DYNAMIC FAMILY STRUCTURES
But if you think determining firstborn would be a big problem, think about deciding first in the family to attend university! First in what kind of family? We just buried a man, who and his wife collectively had nine children. They had five together. He had three before the marriage, and she had one. They had raised the man’s nephew like a son and a girl they had taken in out of sympathy. All of them are family, one big Jamaican family. And this is far from being the most complicated family scenario.
A future PNP Government will have to call in a little army of sociologists and culturalists to guide the implementation of this noble proposition!
These university graduates who sometimes face unemployment challenges more than graduates with technical hard skills are going to be needed in some numbers on another Phillips scheme. The party president is promising a Ministry of Social Transformation and Community Development, which will depend heavily on social workers to reverse many of the negative behaviours permeating the society.
“We are going to be establishing a Ministry of Social Transformation and Community Development, and we are going to be drawing on teams of social workers across our communities to deal with the mothers and fathers and their responsibilities. We have to build a country based on self-respect and personal responsibility and love of our children and love of ourselves ... ,” Phillips pledged.
Like the Ministry of National Mobilisation (D.K. Duncan, 1970s) and the Ministry of Development Planning and Production (P.J. Patterson, 1990s), this diffuse, cut-across, non-Whitehall Ministry of Social Transformation will not work – except to create work. And we remember that it was the Patterson administration of the 1990s that launched and abandoned an Attitudes and Values campaign. Déjà vu.
Dr Phillips told conference that the party had identified the means to mobilise a major flow of credit of up to $100 billion to assist small business owners with their operations, so that they could build their businesses and stop operating on the fringes of the economy.
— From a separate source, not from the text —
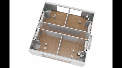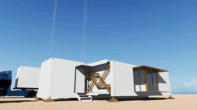 其实,这个模块化房屋就是大大小小的集装箱。而集装箱内所有的内部配件和固定装置都会预先安装,更重要的是这个模块化系统是可逆的,这就意味着它同样可以通过折叠回单元箱之后移动位置。

“The people that I want to get into the real economy are those people making furniture under mango trees and the people who fix cars on sidewalks ... . We want those people to come into the mainstream of the economy. We want them to become respectable business owners,” he said.
But isn’t it a ‘crime’ not to make this source of funding known to the Government now in 2018, rather than to wait to mobilise it whenever in the future that the PNP comes to Government? Short or long. One would have thought that this would be the patriotic thing to do. Our tribal politics is very much alive and well. The JLP behaves same way in Opposition. But then again, without particulars being provided, Dr Phillips may just be attempting to speak a wish into reality.
But if he and the PNP can really pull off a $100-billion credit line (more debt like the 1960s World Bank debt, which really fuelled the construction of the secondary-level apartheid system in education!), may I suggest that a portion of this be pulled off for the Students’ Loan Bureau to capitalise a real revolving loan scheme. And those scholarships for first-in-the-family university students are going to need money! And new graduates with bankable entrepreneurial ideas but no collateral should be bankrolled by state financing as development risk capital.
On the strength of the Phillips promises, I could easily give one of my votes to the party that has excelled time past in the practice of ‘one man, many votes’ and in overvoting in its garrisons. But I have to save one for the other side, as the parties continue to converge in philosophy, policy, plans, and programmes – and performance.